Companies with strong brands or those active in defensive sectors, such as the consumer, food and pharmaceutical sectors, also tend to fare better. Defensive stocks are those that tend to maintain stable earnings, even when the economy takes a turn for the worse. That’s in part because consumers continue to consume items they need in their daily lives, such as health-related products and food. And those sectors tend to have well-known brands, which consumers tend to stick to when prices rise across the board.
But as financial markets always price the future, investors should also adapt and have a view on whether inflation will trend even higher or abate over the next months and quarters. Financial market prices will reflect the changes to the current situation. Hence, we could find ourselves in a situation where portfolios do not benefit from more commodities or commodity stocks but rather the opposite. Views and portfolios will need to be updated continuously.
Solutions for a new era
As the staying power of a good brand illustrates, people tend to turn to what they know and trust during turbulent times. As the world shifts, the problems and challenges faced by investors shift, yet so to do the ways that they expect and demand solutions. It’s important for financial services companies to accompany clients on this journey and, at Vontobel, we focus on using technology to scale our mission of empowering investors to build better futures. This stays true to our principle of mastering what we do – and only doing what we master.

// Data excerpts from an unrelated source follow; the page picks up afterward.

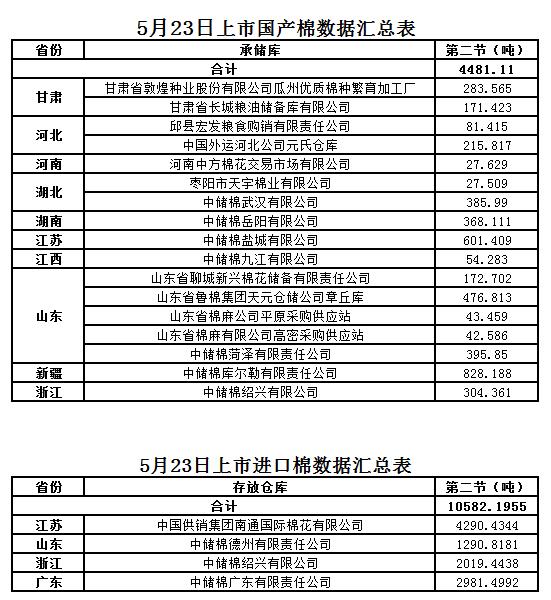 5月23日第二節(jié)交易國產(chǎn)棉明細(xì)數(shù)據(jù)
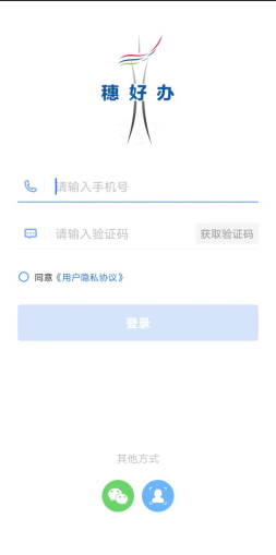 第一步:申请人进入“穗好办”APP登录验证,输入“手机号、验证码”、点击“同意用户隐私协议”,或选择“微信、人脸识别”其他方式快捷登录验证身份。
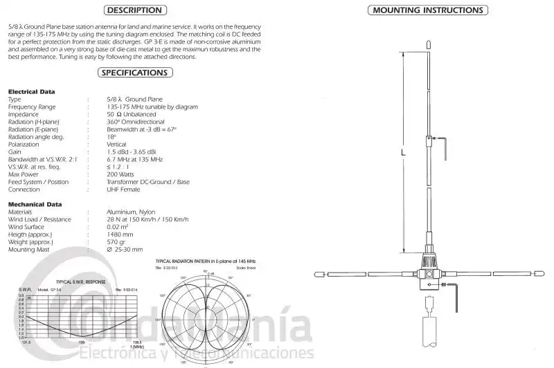 SIRIO GP-3E ANTENA DE BASE VHF DE 5/8 AJUSTABLE DE 135 A 175 MHZ
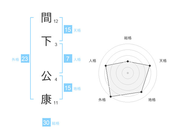 間下 公康さんの天格は15画の4点!
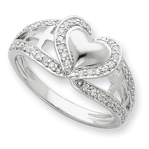 Sterling Silver And Cubic Zirconia Polished Pure Heart Ring
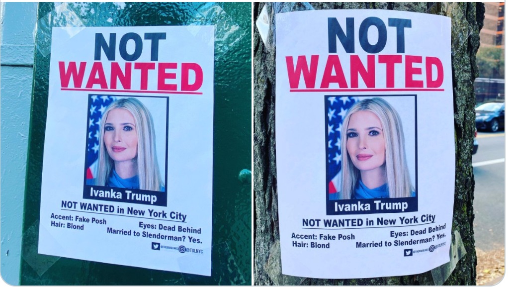 Posters have popped up around New York featuring Ivanka Trump’s face and the prominent words “NOT WANTED” in a clear effort to troll the Trump daughter as the family prepares to be ousted from the White House. The posters, put up by comedy duo Jason Selvig and Davram Stiefler who are known as “The Good Liars” on Twitter, also include some amusing details such as an accent described as “fake posh” and eyes as “dead behind.”
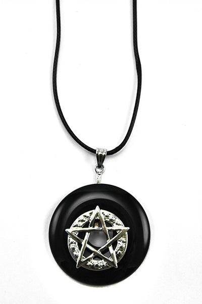 Pendant Pentagram In Donut Onyx On Wax Cord
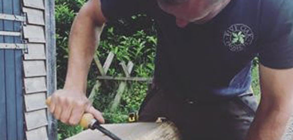 Here's the team taking full advantage of a (relatively) warm and sunny day to work outside the workshop back at the farm, hand crafting an oak frame and curved arches for a garage extension for our clients in Crondall.

Studies show that the demand for digital wealth management solutions will increase in coming years – driven by the growing range of offerings, as well as by the entry into this segment of major market participants with large client bases. This has encompassed broad digital product offerings, including options for portfolio customization.
Forty years ago, when inflation levels last matched those of today, our current access to, reliance on and appetite for digital channels was unthinkable for most. Bringing things back to 1960s folk music, could Dylan have imagined the transformation online streaming services have brough to the music industry? When it comes to financial services, digitalization is changing the way firms interact with investors. New wealthy clients, for example, want round-the-clock access to investment advice and seek to balance a desire to invest themselves with the high level of importance they assign to investment expertise from an established firm. Similarly, the financial challenges being tackled today have evolved to suit the times. So, if you find yourself facing inflation this time round, consider looking at what new tools and solutions are available to you when it comes to wealth preservation via diversification – the answer might be closer to your fingertips than you originally thought.